(Supplied data)
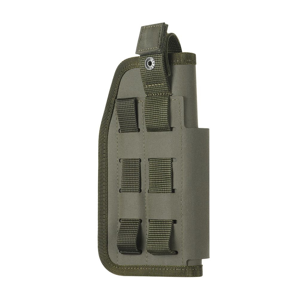 Univerzální taktické pouzdro M-Tac je vyrobeno z laminovaného materiálu Cordura 500D technologií Laser Cut. Je velikostně nastavitelné a pasuje na většinu pistolí od PM po Fort-14TP a také Glock 17.
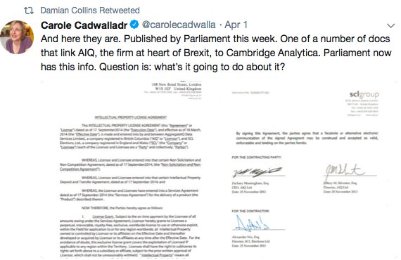 And here’s the email - published by Parliament - that shows Jeff Silvester of AIQ & Alexander Nix of Cambridge Analytica working jointly on the Facebook data. They’ve both denied this. Repeatedly. So, here’s a q. Did Vote Leave have access to it?? Or models derived from it?pic.twitter.com/X5MWjiRQih
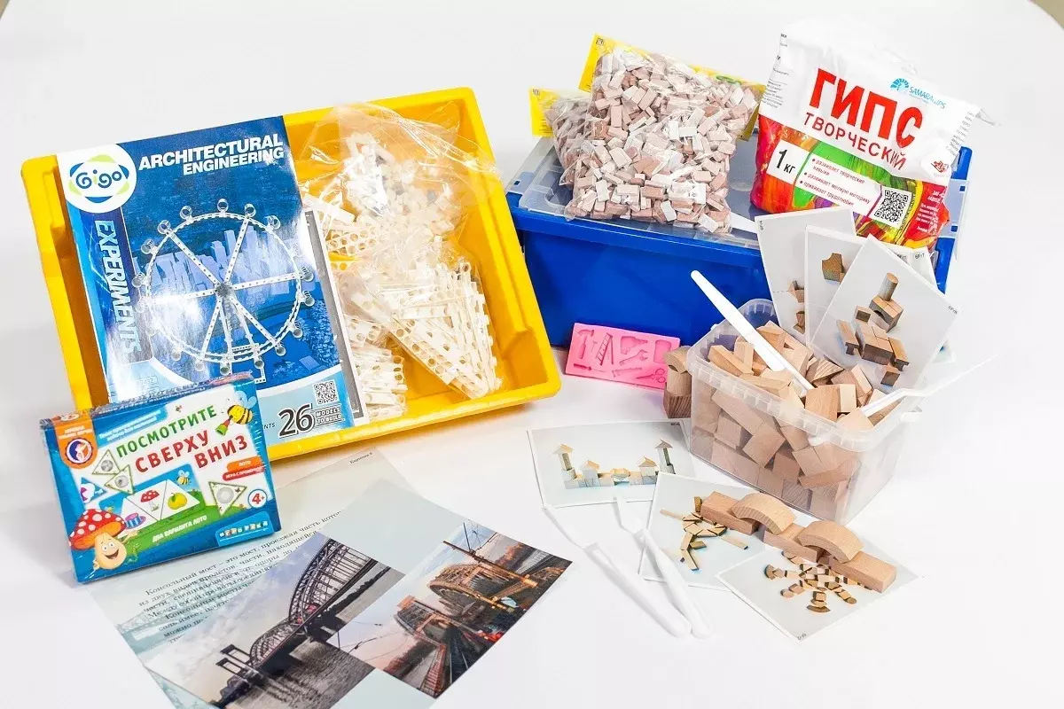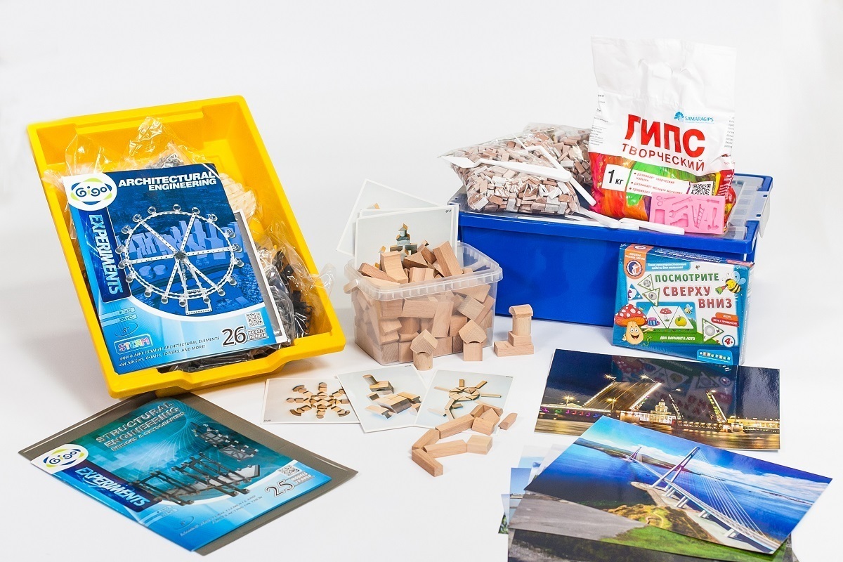• Комплект № 1 «Архитектура». В комплект входят элементы для конструирования из различных материалов: дерево, пластик, бумага, карточки-схемы, набор инструментов «Юный архитектор», видео-контент, журнал проекта.

(What the exercise asks)
The material above is to be set down exactly, with pictures removed.

(Result of the exercise)
 Univerzální taktické pouzdro M-Tac je vyrobeno z laminovaného materiálu Cordura 500D technologií Laser Cut. Je velikostně nastavitelné a pasuje na většinu pistolí od PM po Fort-14TP a také Glock 17.
 And here’s the email - published by Parliament - that shows Jeff Silvester of AIQ & Alexander Nix of Cambridge Analytica working jointly on the Facebook data. They’ve both denied this. Repeatedly. So, here’s a q. Did Vote Leave have access to it?? Or models derived from it?pic.twitter.com/X5MWjiRQih
• Комплект № 1 «Архитектура». В комплект входят элементы для конструирования из различных материалов: дерево, пластик, бумага, карточки-схемы, набор инструментов «Юный архитектор», видео-контент, журнал проекта.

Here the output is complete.